R v Granada, 2013 ABCA 404
[9] The intended victim herein, of course, was the Co-op supermarket in question and, by extension, its employees. The store’s customers that purchased the tampered food were really in the nature of “collateral damage” from the perspective of the appellant. The fact is that they were being used as “pawns” in her attack against the Co-Op. Nonetheless, these individuals also ended up being victims as was conceded by appellant’s counsel.
[10] The definition of “victim” in section 722(4) includes “a person to whom harm was done or suffered physical or emotional loss as a result of the commission of an offence”. We agree with the comments in R v Duffus, 2000 CanLII 22831 (ON SC), [2000] OJ No 4850 where the Provincial Court judge stated at para 8:
In changing the definition of ‘victim’ in section 722(4)(a) from “the person” to whom harm was done, to “a person” to whom harm was done, Parliament changed the limiting nature of the definition to a more inclusive definition, from a narrow delineation to a wider more expansive definition. Parliament expanded victimization to include not only the direct victim, that is, the victim-recipient of the harm done but also the victim or victims directly affected by the commission of the offence.
[11] In argument before us, Crown counsel pointed to impacts within the definition of the Code provision which landed on store staff. It was for some store staff not merely a matter of facing economic loss to the business and the imperiling of their employment. Some were pricked by pins when examining goods. During the course of the investigation of these crimes, a cloud of suspicion descended upon at least some of the employees there. At least one’s position escalated to that of a suspect who had to provide fingerprints and submit to stressful inquiry. The expert evidence before the sentencing judge suggested that the appellant was, at the very least, reckless to the foreseeable consequences for store staff of such dangerous offences. In a very real sense they were specific targets of her crimes. In our view, everyone who filed a Victim Impact Statement was properly entitled to do so and they were properly received by the sentencing court.
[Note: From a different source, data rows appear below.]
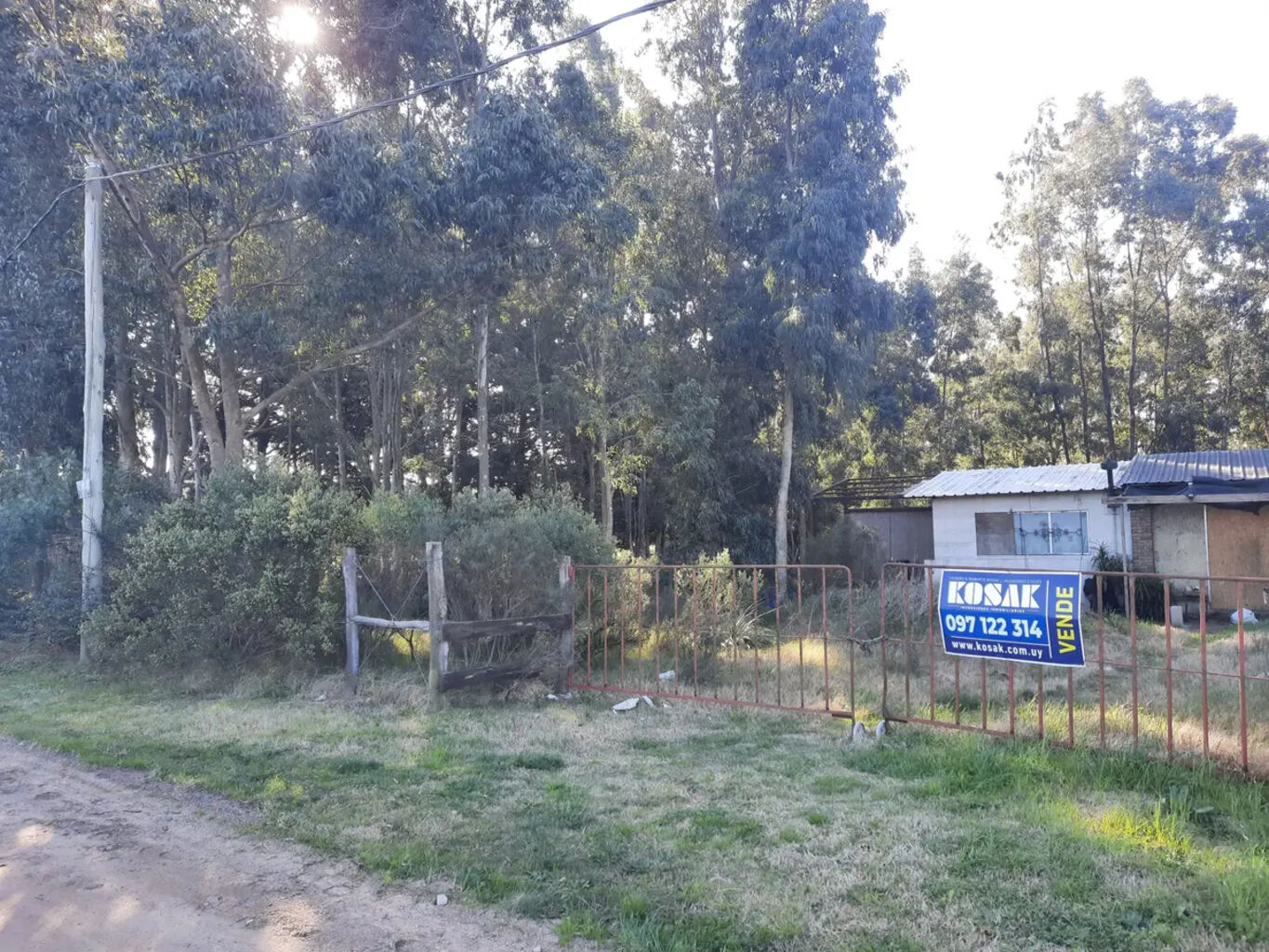 Terreno arbolado, con una construcción precaria.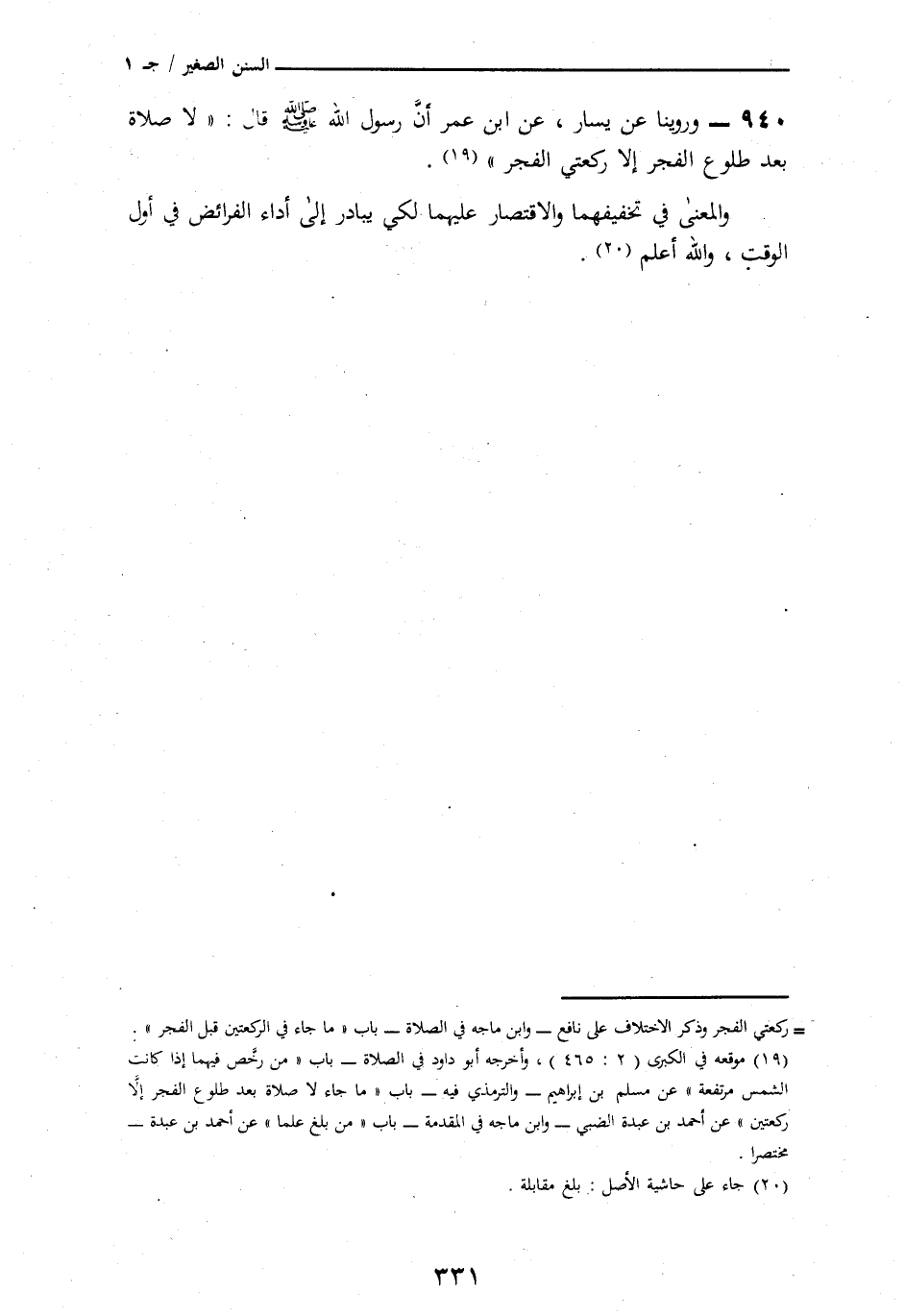 940 - وَرُوِّينَا عَنْ يَسَارٍ، عَنِ ابْنِ عُمَرَ، أَنَّ رَسُولَ اللَّهِ صَلَّى اللهُ عَلَيْهِ وَسَلَّمَ قَالَ: § «لَا صَلَاةَ بَعْدَ طُلُوعِ الْفَجْرِ إِلَّا رَكْعَتَيِ الْفَجْرِ» وَالْمَعْنَى فِي تَخْفِيفِهِمَا وَالِاقْتِصَارِ عَلَيْهِمَا لِكَيْ يُبَادَرَ إِلَى أَدَاءِ الْفَرْضِ فِي أَوَّلِ الْوَقْتِ، وَاللَّهُ أَعْلَمُ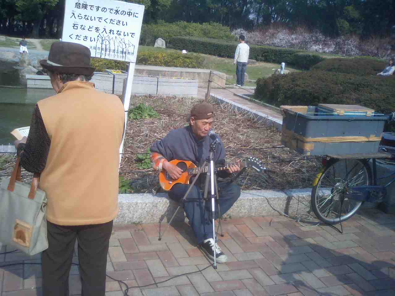 ギターを弾いてる若い男性を発見!!こういうほのぼのしてるのが長居公園のいい所で、僕もついつい横に座って一緒にハモッてしまいました~(冗) しかも良く見てください!ギターはアンプ内蔵のぞうさんです!てことはロックンローラーです。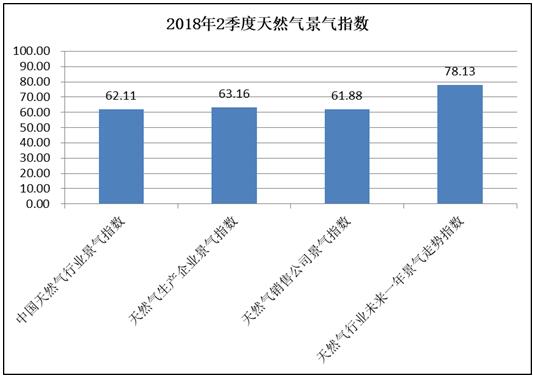2018年2季度中國天然氣行業景氣指數為62.11,處于較景氣狀態,與2018年1季度相比有一定幅度的上升,景氣變動系數為1.035。在評價行業景氣指數的五大指標中,宏觀經濟指標基本保持不變,天然氣銷售公司經營狀態指標有一定幅度上升,天然氣行業專家判斷指標、天然氣生產企業經營狀態指標出現較大幅度上升,而天然氣進口狀態指標出現下降?傮w來看,2018年2季度中國天然氣行業景氣指數仍呈現上升態勢。 [詳細]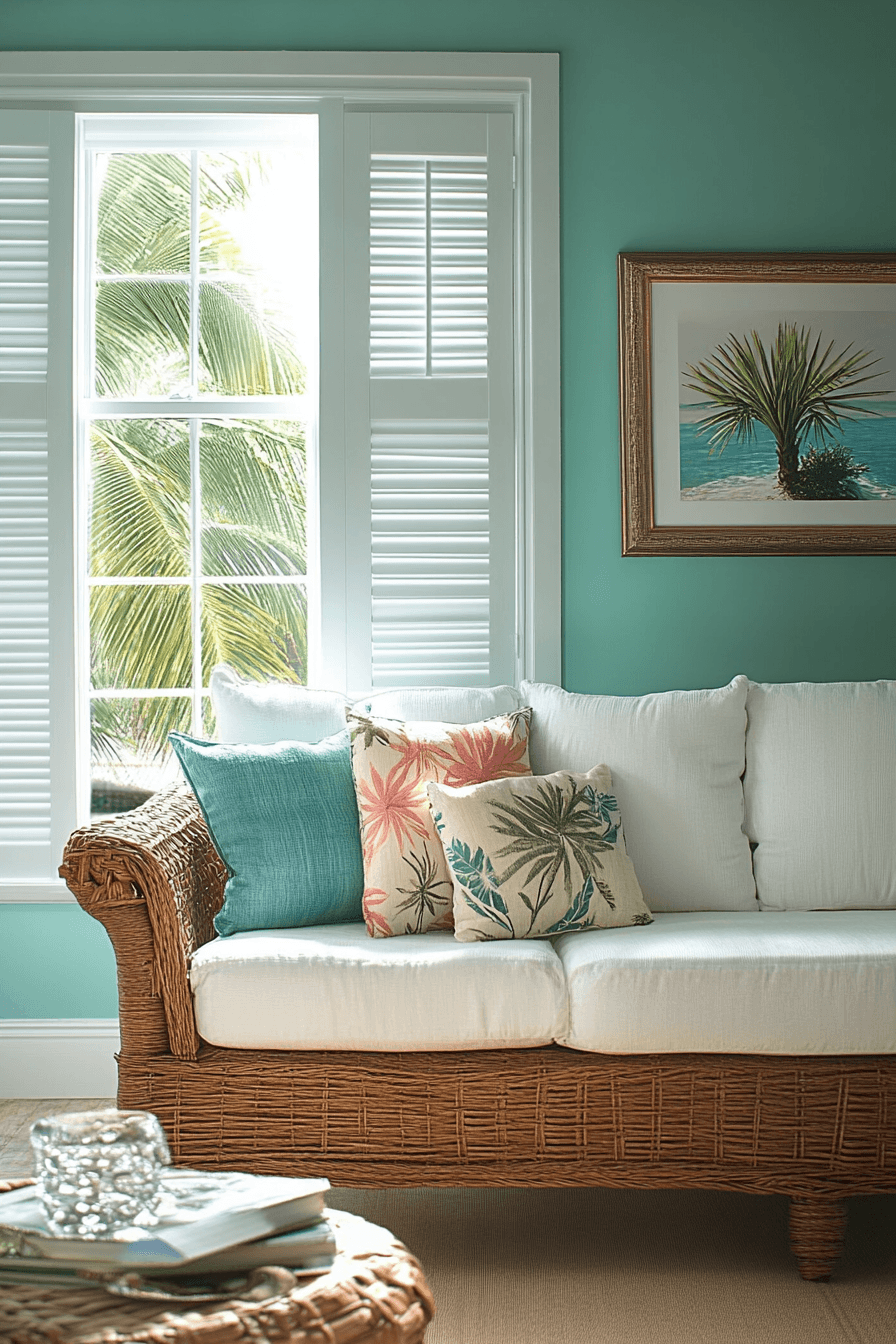 Refreshing aqua shades energize colorful living room ideas with breezy, tropical charm that feels light and fun. Crisp whites enhance the look. Patterns add playful movement. Soft furnishings keep comfort high. The space feels uplifting and relaxed. Bring tropical freshness into your decor.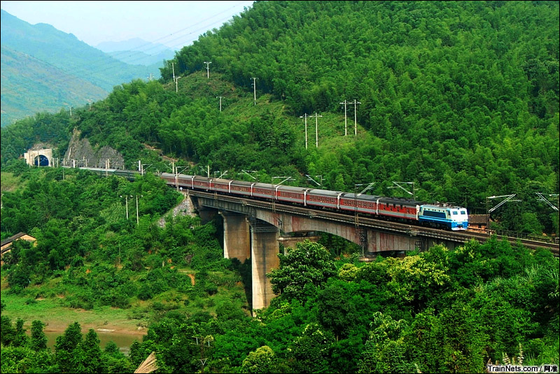 2005年6月11日。京广线。SS8牵引客车经过广东坪石白面石武水大桥,桥下方是旧京广铁路。

[12] The appellant further complains that some of the statements contained in the Victim Impact Statements include what she claims to be inflammatory language, specifically the following: “worst nightmare”, “reign of terror”, and “terrorism”. The phrase “Reign of Terror” was the title that Andrew Lukacik gave to his Victim Impact Statement in which he stated, inter alia, that one of his customers had told him “you know, this is a form of terrorism;” In our view, this language was merely reflective of the situation that these Co-op supermarket staff members found themselves to be in as a result of the appellant’s actions. In any event, none of these phrases were employed by the Provincial Court Judge in his reasons for sentence.
[13] Furthermore, there was no information of any significance contained in the Victim Impact Statements that represented anything new over and above that which was already before the Provincial Court judge as a result of the trial itself. The Victim Impact Statements dealt with the impact that the appellant’s actions had on the authors of those statements and did not represent some tirade against the appellant personally.